From January 1 to April 1, 2025, the population of Canada increased by 20,107 people (+0.0%) to reach 41,548,787 people. This was the smallest quarterly growth since the third quarter of 2020, when the population decreased by 1,232 people (-0.0%) in the wake of border restrictions to slow the spread of the COVID-19 pandemic.


The first quarter of 2025 (+0.0%) marked the sixth consecutive quarter of slower population growth following announcements by the federal government in 2024 that it would lower the levels of both temporary and permanent immigration. This was the second-slowest quarterly growth rate in Canada since comparable records began (first quarter of 1946), behind only the third quarter of 2020 (-0.0%) and tied with the fourth quarter of 2014 (+0.0%).


The growth in the first quarter of 2025 was slower than what is typically seen in a first quarter. For example, from the first quarter of 2001 to the first quarter of 2024, population growth ranged from an increase of 0.1% in 2015 to a gain of 0.6% in 2024, averaging 0.3% growth over this period.


Even with the reductions starting in 2024, international migration accounted for all of the population growth in the first quarter of 2025. This was because natural increase (births minus deaths) was negative (-5,628), meaning that there were more deaths than births. This is consistent with an aging population, a decreasing fertility rate and the higher numbers of deaths that typically occur during the winter months. Natural increase has been negative in every first quarter since 2022.
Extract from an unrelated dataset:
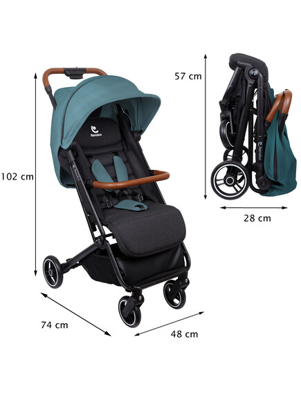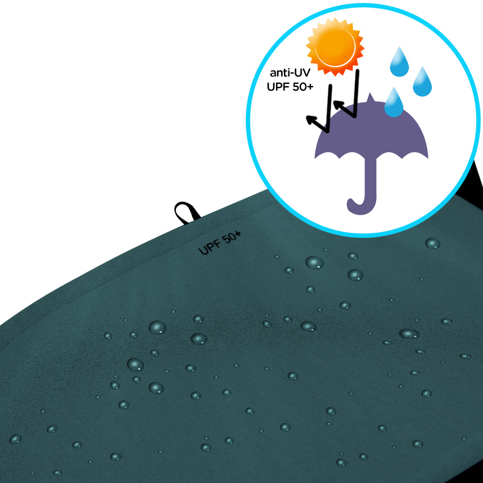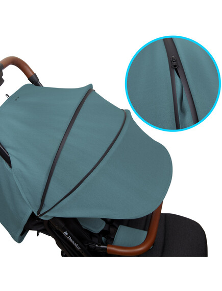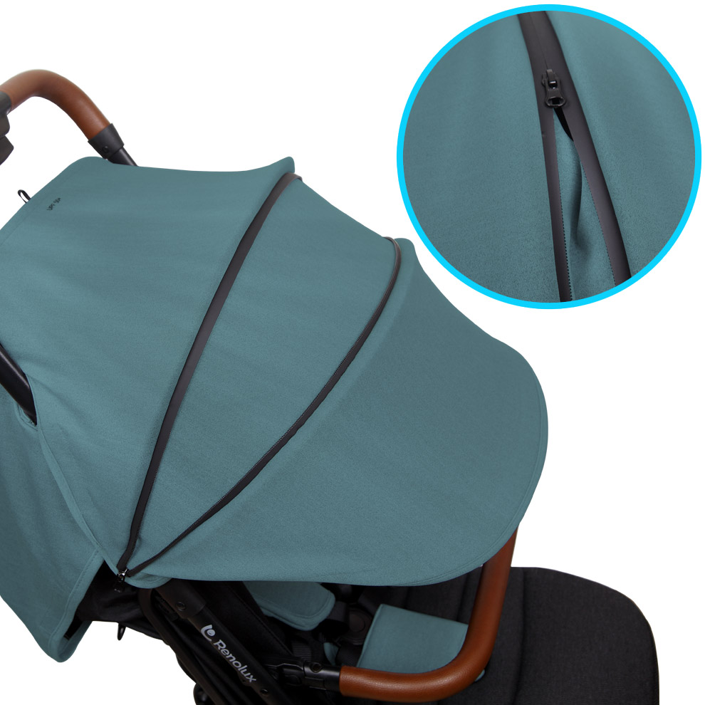 - Широк регулируем сенник с цип, водоустойчив и с максимална слънцезащита UPF 50+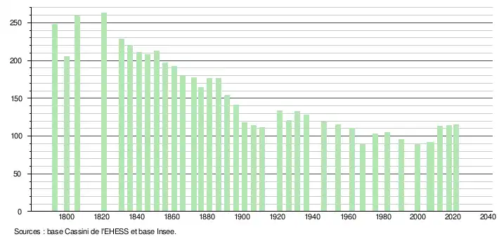 L'évolution du nombre d'habitants est connue à travers les recensements de la population effectués dans la commune depuis 1793. Pour les communes de moins de 10 000 habitants, une enquête de recensement portant sur toute la population est réalisée tous les cinq ans, les populations légales des années intermédiaires étant quant à elles estimées par interpolation ou extrapolation[24]. Pour la commune, le premier recensement exhaustif entrant dans le cadre du nouveau dispositif a été réalisé en 2007[25].

On April 1, 2025, there were 2,959,825 non-permanent residents in Canada, accounting for 7.1% of the total population. This was down from a peak of 7.4% of the population on October 1, 2024. The number of non-permanent residents has dropped by 61,111 since January 1, 2025.


Canada admitted 104,256 immigrants in the first quarter of 2025. This was the smallest number admitted in a first quarter in four years.